How “Real” is Real-Time Simultaneous Speech-to-Text Translation

Despite advancements in AI speech translation, many so-called “real-time” systems may not be as real-time as they claim.

A new study finds that much of the research in simultaneous speech-to-text translation (SimulST) is based on unrealistic assumptions that do not reflect real-world conditions — potentially limiting the industry’s ability to deploy truly live, low-latency translation solutions.

In their December 24, 2024 paper, Sara Papi from Fondazione Bruno Kessler and Peter Polák, Ondřej Bojar, and Dominik Macháček from Charles University, reviewed 110 papers on SimulST and found that the majority focus on translating pre-segmented speech — where the input has been manually split into short utterances before translation — rather than continuous, unbounded speech streams.

The researchers argue that this “narrow focus” simplifies the problem by avoiding challenges such as latency, segmentation, and synchronization, ultimately hindering the development of systems that can work in real time without human intervention. 

“Despite its intended application to unbounded speech, most research has focused on human pre-segmented speech, simplifying the task and overlooking significant challenges,” the researchers said.

Terminological Chaos

They also highlighted inconsistencies in how key terms like “simultaneous,” “streaming,” “online,” and “real-time” are used, making it difficult to compare research findings. “Over 65% of the papers mix and match these terms,” they note, adding that such inconsistencies create “significant ambiguity and confusion in understanding and comparing research work.” The researchers describe this as a “real terminological chaos.” 
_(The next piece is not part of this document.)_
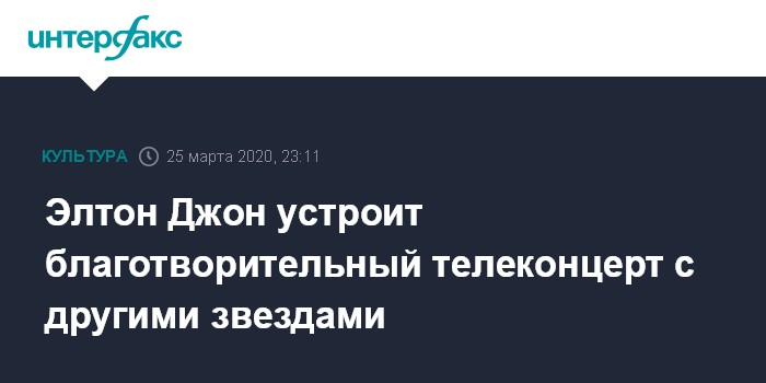 Москва. 25 марта. INTERFAX.RU - Британский певец и композитор Элтон Джон организует специальный концерт для сбора средств для борьбы против пандемии коронавируса, сообщило агентство Associated Press.

To address this, they define SimulST as a six-step process that includes audio acquisition, segmentation, translation, and more — steps crucial for a comprehensive understanding of the SimulST task. Additionally, they propose a standardized terminology and taxonomy for SimulST, which categorizes models based on input type (bounded vs. unbounded speech), architecture (cascade vs. direct), and output strategy (incremental vs. re-translation). 

They argue that “a clear, consistent, and standardized task definition” is needed to ensure future research aligns with real-world requirements.

Concrete Recommendations

Another major gap in the field, according to the researchers, is how SimulST models are evaluated. Most studies rely on pre-segmented input, meaning that latency and quality assessments are not representative of real-time conditions. Popular evaluation tools like SimulEval are designed for sentence-based translation and are “not designed to compute scores for audio streams.”

The researchers stress the need for new evaluation frameworks that account for continuous input and computationally aware latency.

Additionally, while direct models — those that bypass automatic speech recognition and translate speech directly — are becoming more common, they are rarely tested on continuous speech streams, raising questions about their practical effectiveness. The researchers note a marked increase in studies employing direct architectures, “almost tripling from 2021 to 2023”, but emphasize that their performance on long-form speech remains largely untested.

The researchers call for a shift in focus toward systems that can handle continuous audio input without relying on human-prepared segmentation. “Humans will not segment our audio,” they warn, emphasizing that the field needs to develop “holistic systems capable of effectively processing and translating continuous audio streams.”

They also stress the importance of context-aware processing, arguing that SimulST models should retain past information to improve translation accuracy over long speech streams.

With these concrete recommendations, the researchers aim to bridge the gaps in existing literature and advance the field “towards more realistic and effective SimulST solutions.”

The team will present their findings at SlatorCon Remote in March 2025.